# Midgard Tegu has a impaction needs surgery



## TheTeguGurl (Aug 24, 2012)

UPDATE on Midgard Tegu The di an xray bones are still there. they are stuck in the upper GL intestines. After more enimas and a barium swallow and being sedated, They could not remove anything from either end. There is no sign of perforation at this time. He now requires Surgery to be done to go in and remove the bones... This surgery is going to cost me 1500 and my vet will take a 500 down payment to start the surgery.. I am asking one and all please for some donations if they can spare to help him. I really hate asking for help, BUT this is his last chance........... They isnt anything else the vet can do and we at this time dont think they will pass on there own.

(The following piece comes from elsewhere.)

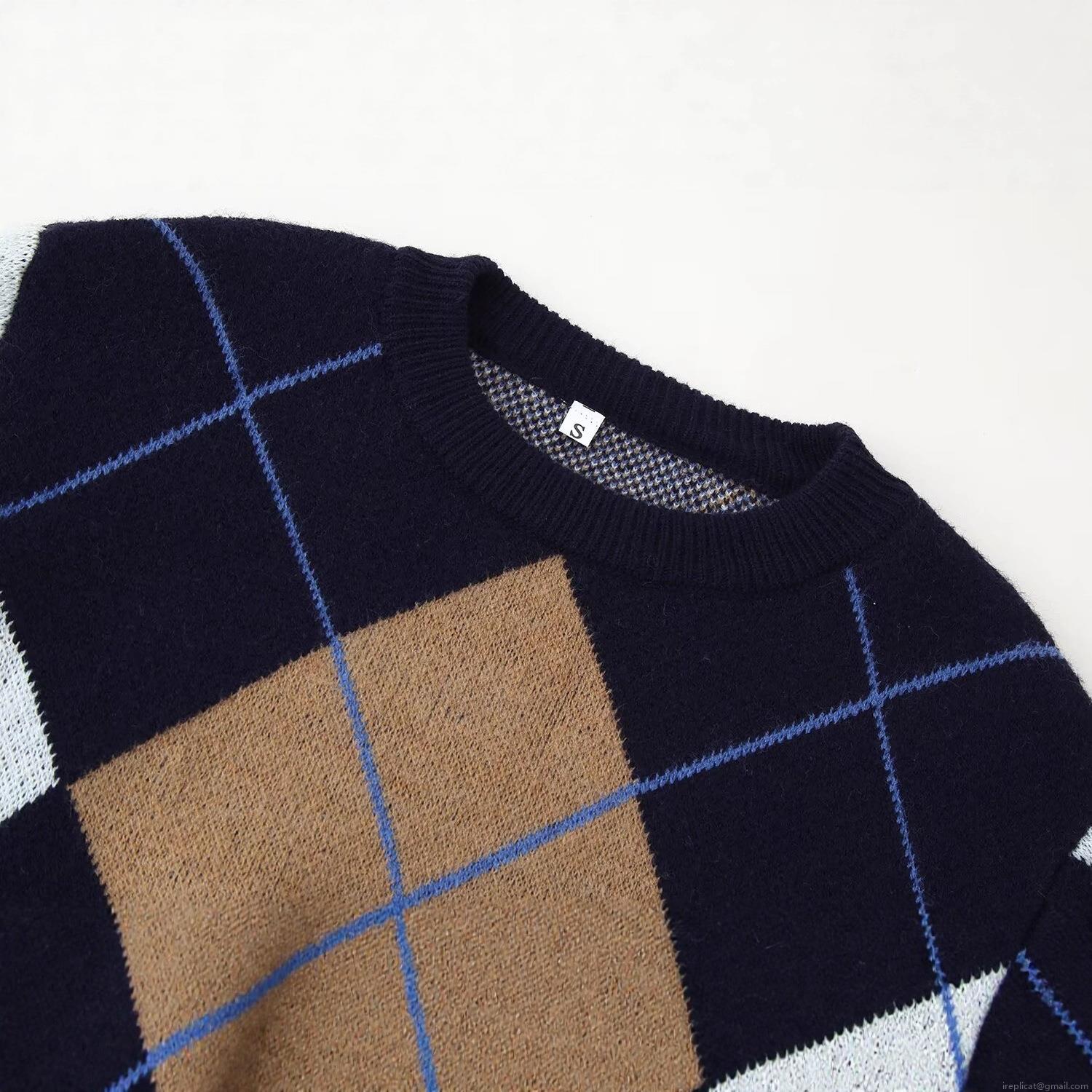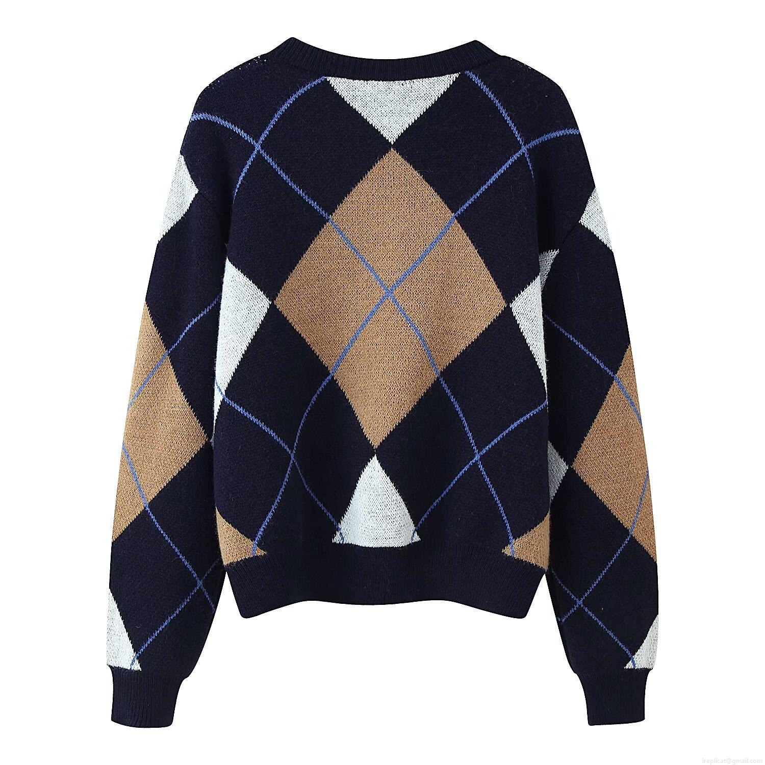 • Women's Polyester Argyle Plaid Pattern Round Neck Long Sleeve Pullover Sweater Geometric Color Block Knitwear Casual Streetwear Top Autumn Winter

So please if you can help by donating alittle bit I will be forever greatful. 500 is all I need to reach a goal to get him better to save his life.. If you would like to donated any amount helps you can donate striaght to his vet office 
Deschutes Veterinary Clinic (DVC)
25 NW Olney Ave.
(The Big Grey Building near Pioneer Park)
Bend, OR 97701 US
Phone : (541)382-2481

http://www.youtube.com/watch?v=qi-h6rY4-Q4


----------



## Scott Hogge (Aug 25, 2012)

You should setup your own donation system through paypal. You can accept many small donations 24/7 without people needing to contact the vets office. Anyone can donate even if they don't have a paypal account. Check out: https://www.paypal.com/us/cgi-bin/?cmd=_donate-intro-outside


Hope everything turns out alright for Midgard.


----------



## TheTeguGurl (Aug 25, 2012)

I have a paypal acount I just didnt want ppl thinking I was trying to scam them do they could contact the vet and talk with them to let them know it is ligit


----------



## Aardbark (Aug 25, 2012)

I will donate ,I dont have much though, but Id rather donate to your paypal. Maybe you can post your info? Or would you rather PM it to me? I think paypal is a good way to go, its easy to send money. We all want Midgard to live a long and happy life. As long as we keep TeguTalk honest, we shouldnt have to worry about scams.


----------



## TheTeguGurl (Aug 25, 2012)

My email addy for paypal is [email protected] Thank you all


----------



## larissalurid (Sep 1, 2012)

Oh no :[ I hope he gets better. I'd donate, but I'm jobless and don't even have money for myself X_X 

You should make a video on youtube with the info where people can donate and I'm sure you'd get a lot of help there. Your videos are pretty popular and a lot of people love Midgard. I know I'm a fan :] I bet people would help you out a lot seeing that video

Plus I'm sure if you show the x-rays and such people will believe you.


----------



## Aardbark (Sep 1, 2012)

Did he have the surgery? How did it turn out, is Midguard ok?


----------



## TheTeguGurl (Sep 1, 2012)

Midgard was about to go in for surgery after another radiogram they noticed the bone mass had moved down he had pooped some out. they have put the surgery on the back burner to see if he will poop out the rest. as of for the last three days he hasnt will be going back to vets on monday



larissalurid said:


> Oh no :[ I hope he gets better. I'd donate, but I'm jobless and don't even have money for myself X_X
> 
> You should make a video on youtube with the info where people can donate and I'm sure you'd get a lot of help there. Your videos are pretty popular and a lot of people love Midgard. I know I'm a fan :] I bet people would help you out a lot seeing that video
> 
> Plus I'm sure if you show the x-rays and such people will believe you.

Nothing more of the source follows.